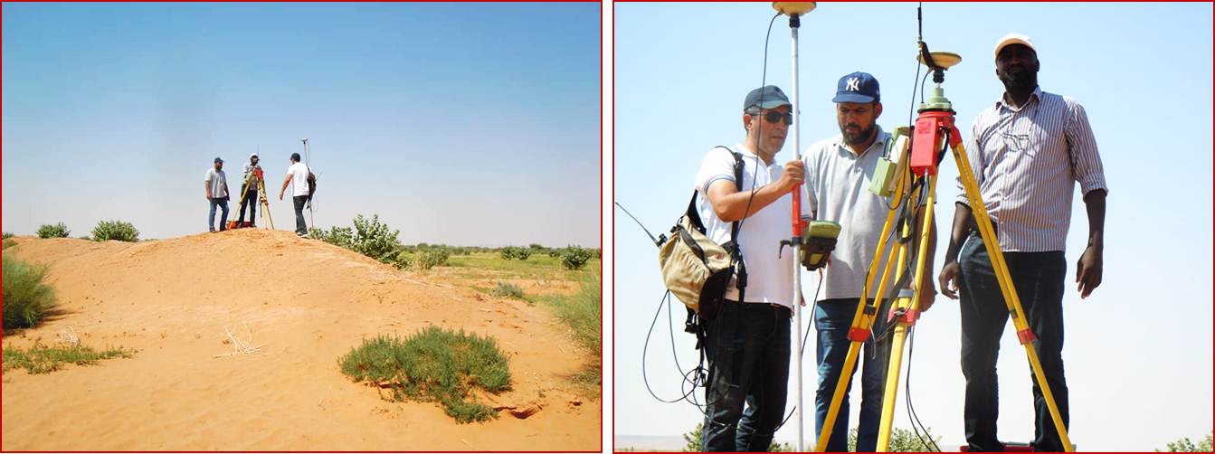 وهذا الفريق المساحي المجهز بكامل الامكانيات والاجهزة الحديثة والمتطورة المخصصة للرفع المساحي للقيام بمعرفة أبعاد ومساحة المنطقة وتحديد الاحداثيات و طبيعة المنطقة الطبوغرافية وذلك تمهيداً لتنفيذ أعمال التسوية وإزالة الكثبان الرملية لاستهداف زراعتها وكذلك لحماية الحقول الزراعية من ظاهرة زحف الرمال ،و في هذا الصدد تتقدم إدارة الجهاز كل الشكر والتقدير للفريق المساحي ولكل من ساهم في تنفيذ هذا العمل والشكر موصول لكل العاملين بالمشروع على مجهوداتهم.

++++

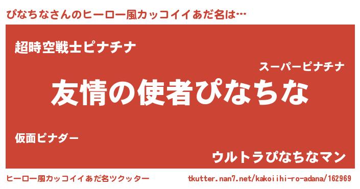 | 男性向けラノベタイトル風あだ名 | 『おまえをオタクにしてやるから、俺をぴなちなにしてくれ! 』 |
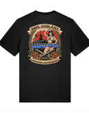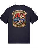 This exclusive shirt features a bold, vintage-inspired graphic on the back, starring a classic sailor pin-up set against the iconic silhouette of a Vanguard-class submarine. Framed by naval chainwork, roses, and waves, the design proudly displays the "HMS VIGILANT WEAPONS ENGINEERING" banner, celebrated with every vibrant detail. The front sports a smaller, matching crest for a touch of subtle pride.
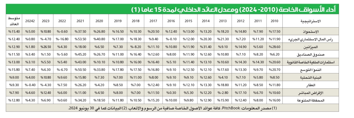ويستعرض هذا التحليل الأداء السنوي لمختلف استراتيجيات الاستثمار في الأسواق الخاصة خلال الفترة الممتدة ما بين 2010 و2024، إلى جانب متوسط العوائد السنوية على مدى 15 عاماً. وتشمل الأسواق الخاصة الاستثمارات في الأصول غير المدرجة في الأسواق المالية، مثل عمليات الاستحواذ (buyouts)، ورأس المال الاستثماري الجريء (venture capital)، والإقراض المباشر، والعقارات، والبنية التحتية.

++++

§ **Your goal**: Pictures aside, print exactly the lines above starting with the one containing "This exclusive shirt" and going on through the one containing "ويستعرض هذا التحليل".

§ **Output below**:
 This exclusive shirt features a bold, vintage-inspired graphic on the back, starring a classic sailor pin-up set against the iconic silhouette of a Vanguard-class submarine. Framed by naval chainwork, roses, and waves, the design proudly displays the "HMS VIGILANT WEAPONS ENGINEERING" banner, celebrated with every vibrant detail. The front sports a smaller, matching crest for a touch of subtle pride.
ويستعرض هذا التحليل الأداء السنوي لمختلف استراتيجيات الاستثمار في الأسواق الخاصة خلال الفترة الممتدة ما بين 2010 و2024، إلى جانب متوسط العوائد السنوية على مدى 15 عاماً. وتشمل الأسواق الخاصة الاستثمارات في الأصول غير المدرجة في الأسواق المالية، مثل عمليات الاستحواذ (buyouts)، ورأس المال الاستثماري الجريء (venture capital)، والإقراض المباشر، والعقارات، والبنية التحتية.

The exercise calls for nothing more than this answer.